Неожиданно кривляка заговорил:
– Афганистан, – кивнул он так, словно свидетельствовал, что дважды два – четыре. Потом, без всякой паузы, добавил, – не нужно так сжимать руки в карманах, Юрий, даже если моя физиономия вам не по душе. А что она вам не по душе – понятно как раз из сжатых кулаков в карманах. Мы не выбираем себе лица. – Он снова улыбнулся и гаерски поклонился. – Я – Михаил Литвинов.
– Откуда вы знаете, как меня зовут? – я смерил его тяжёлым взглядом.
Всегда терпеть не мог, когда навязываются со знакомствами.
– Ну, откуда бы мне это знать? – снова усмехнулся он и пояснил, как ребёнку, – в деканате, разумеется, сказали. Вам не понравилось, что я излишне фамильярен? – проницательно спросил он. – А мне показалось, вам не хватает… – он неожиданно умолк.
– Чего? – тон мой стал резче.
Этот паясничающий гаер порядком надоел. Кроме того, в деканате я сказал, что вернулся из армии, но никому ничего не говорил про Афганистан, и то, что он угадал, тоже разозлило.
– Чего мне не хватает?
Улыбка сбежала с лица Литвинова. Он обернулся на шум в коридоре, где за его спиной две девицы с визгом бросились друг другу в объятья, потом снова посмотрел на меня – всё тем же остановившимся тёмным взглядом.
Теперь он показался серьёзным и печальным. Я отметил, что глаза его – тёмные, без зрачков, – напоминают дула автоматов. Пока он смеялся, это не проступало.
– Вообще-то нам всем не хватает любви, – негромко и хрипло ответил он, вовсе не стараясь перекричать гул коридора. – Я где-то прочитал, что все беды мира происходят оттого, что в нём страшно не хватает любви.
Я оторопел: слова эти какой-то нелепой неотмирностью неожиданно смутили. На минуту промелькнула дурная мысль: «Уж не с голубым ли свела меня недобрая судьба?», но в голове она как-то не задержалась. Сам же Литвинов всё той же неровной походкой медленно пошёл к распахнутой двери кабинета, и тут до меня дошло, что он просто прихрамывает.

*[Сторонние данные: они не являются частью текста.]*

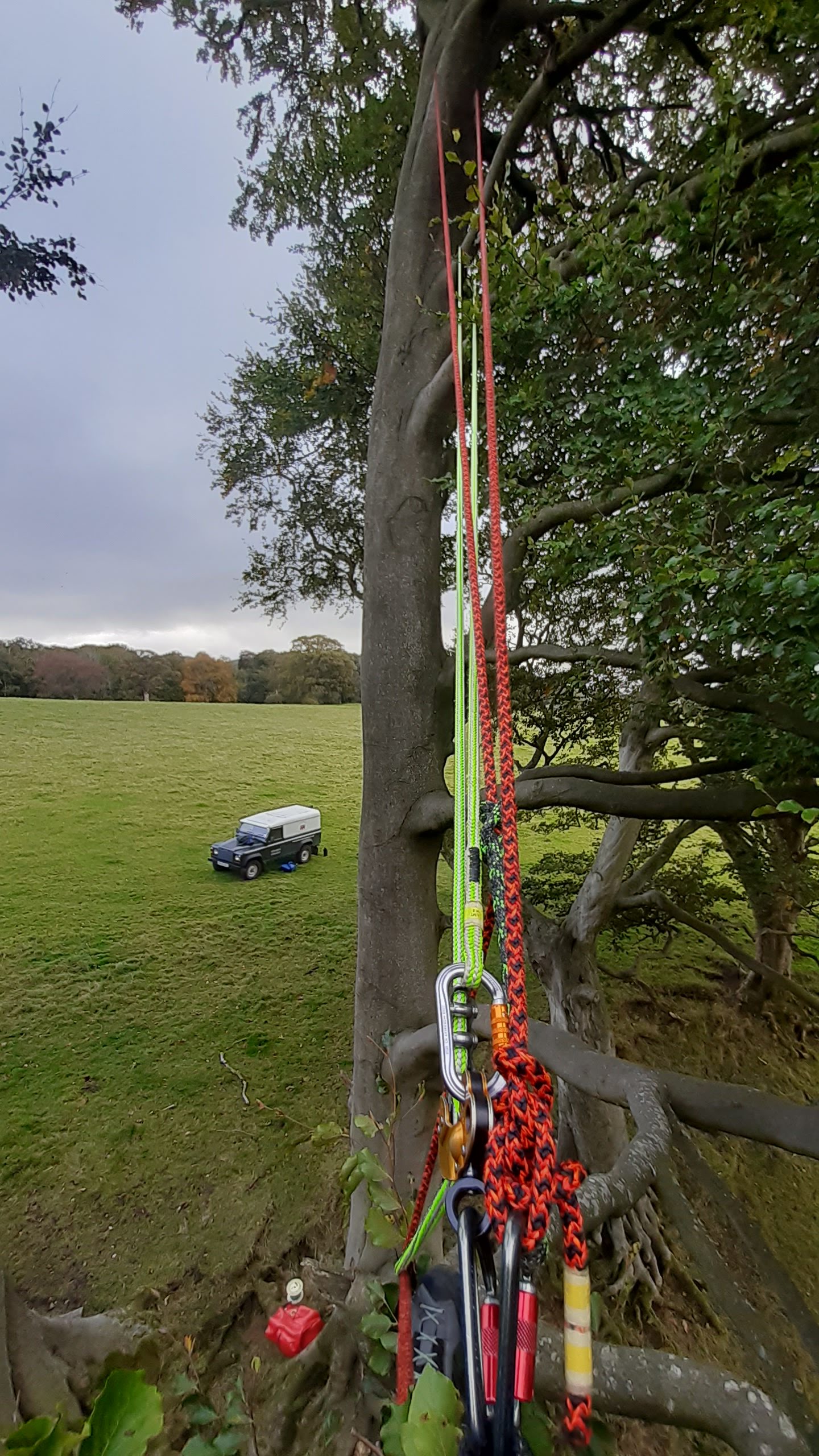 The following day, and with an audience of endlessly curious cows, we started on the practical side. Tossing throwing lines up into branches, setting up anchors and working our way up the trunk and into the canopy. I fell in love with it immediately, though it was not without its frustrations. Throwing my ropes up to the next branch proved to be a real sticking point for the first day or so – my shoulders might be conditioned from rock, but my aim was absolute garbage until I found the knack of it. But the triumph of sticking the throw, the feeling of hauling straight up the ropes, walking up the trunk and tossing a leg up above my head to hook the next branch and slide onto it, each movement was a joy. The only time nerves hit were the first couple of branch walks I did – edging away from the security of the main trunk, not balancing on top of, but pressing out from, smaller and smaller limbs. Habit wanted me to balance on my toes, not press the middle of my stiff boots into the branch, which made for slow and cautious progress. By the second day though, even this felt comfortable. I wanted to get further and further out, lose myself in the thickening leaves, confident in the systems that held me.

Я снова смутился и поспешил войти следом.
Небольшая аудитория была заполнена почти наполовину, контингент на курсе оказался в основном женским. Четверо мужчин – Литвинов, двое палестинцев с чёрно-белыми шарфами и один маленький шоколадный человечек, оказавшийся принцем Бангладеш, выглядели случайными вкраплениями чёрной слюды в этой цветной мозаике.
Литвинов сел за второй стол у окна, похоже, это было его привычное место.

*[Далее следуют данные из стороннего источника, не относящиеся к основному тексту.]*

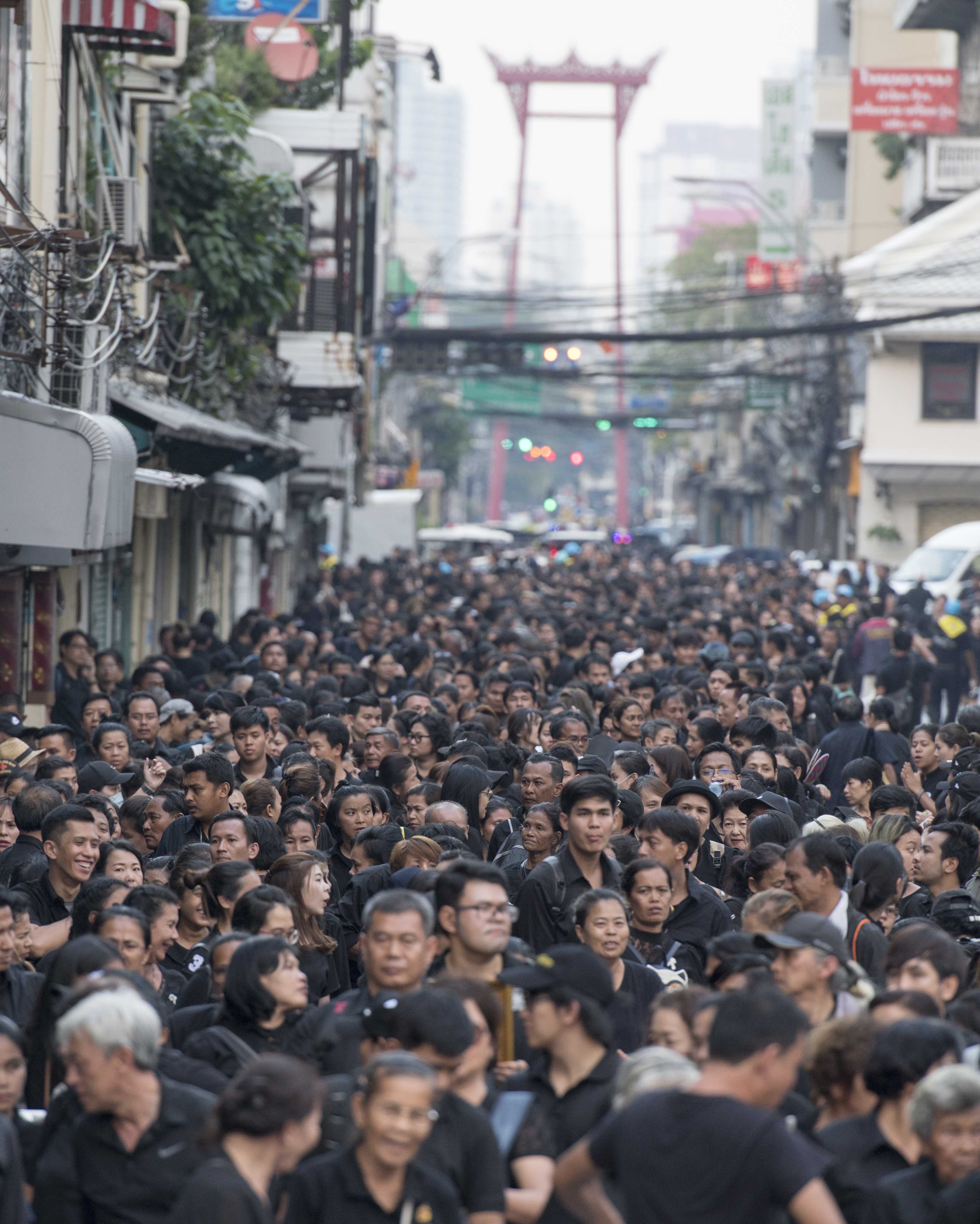 Centinaia di migliaia di persone hanno sfidato le piogge torrenziali degli ultimi giorni e si sono già messe in fila fuori dall’area dove si svolgeranno i funerali dell’ex sovrano.

Девицы, среди которых я не заметил ни одной хорошенькой, всё ещё оживлённо здоровались друг с другом, целовались и повизгивали, некоторые кивали Михаилу, а одна даже чмокнула его в щеку и почему-то назвала Шерлоком, но место рядом с ним оставалось свободным. Это снова насторожило меня, тем более что я поймал его мимолётный приглашающий взгляд.
Тут, однако, прерывая мои мысли и подавляя подозрения, в аудитории появилась девушка, одетая как с модной картинки. В повороте головы мелькнул красивый профиль и грива вьющихся рыжевато-каштановых волос. Я ощутил запах духов – пряных, немного сладковатых и явно очень дорогих.

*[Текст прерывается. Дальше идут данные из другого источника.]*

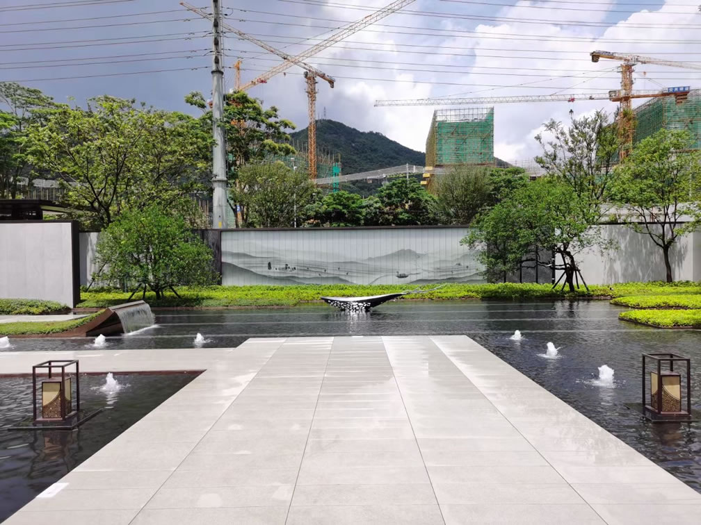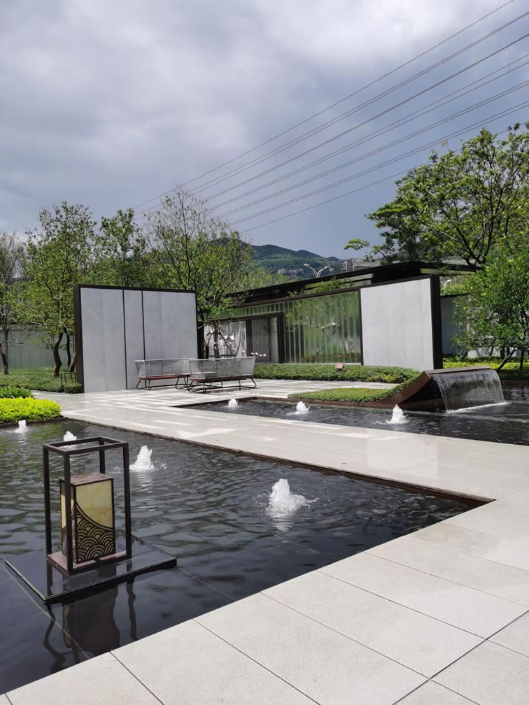 協(xié)進(jìn)厚磚工程案例:安溪中駿·御璟府 項(xiàng)目采用中式園林風(fēng)格設(shè)計(jì),使用芝麻灰、芝麻黑產(chǎn)品搭配鋪貼。 效果古典又不缺現(xiàn)代感,大氣有不失唯美。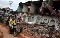 | インドネシアのパダンの倒壊した店や家屋の前を通る人々。 |

– Привет, Мишель, – красавица замерла у литвиновского стола, точно ожидая приглашения сесть рядом.
Приглашения не последовало.
Михаил приподнялся, вежливо и церемонно кивнул девице головой в знак приветствия, потом сел и отвернулся к окну. Красотка же, нервно дёрнув головой и презрительно фыркнув, села в конце соседнего ряда. Я сразу расслабился, поняв, что Литвинов вовсе не голубой: слишком много надсады было в позе и жестах девицы для банального знакомства. Тут несомненно пахло тяжёлым, затяжным и дурно складывающимся романом.
Наш куратор, замшелая старушка Лидия Вознесенская, которую я помнил по первым годам учёбы, сообщила моим будущим сокурсницам, что с ними будет учиться новенький – Юрий Истомин.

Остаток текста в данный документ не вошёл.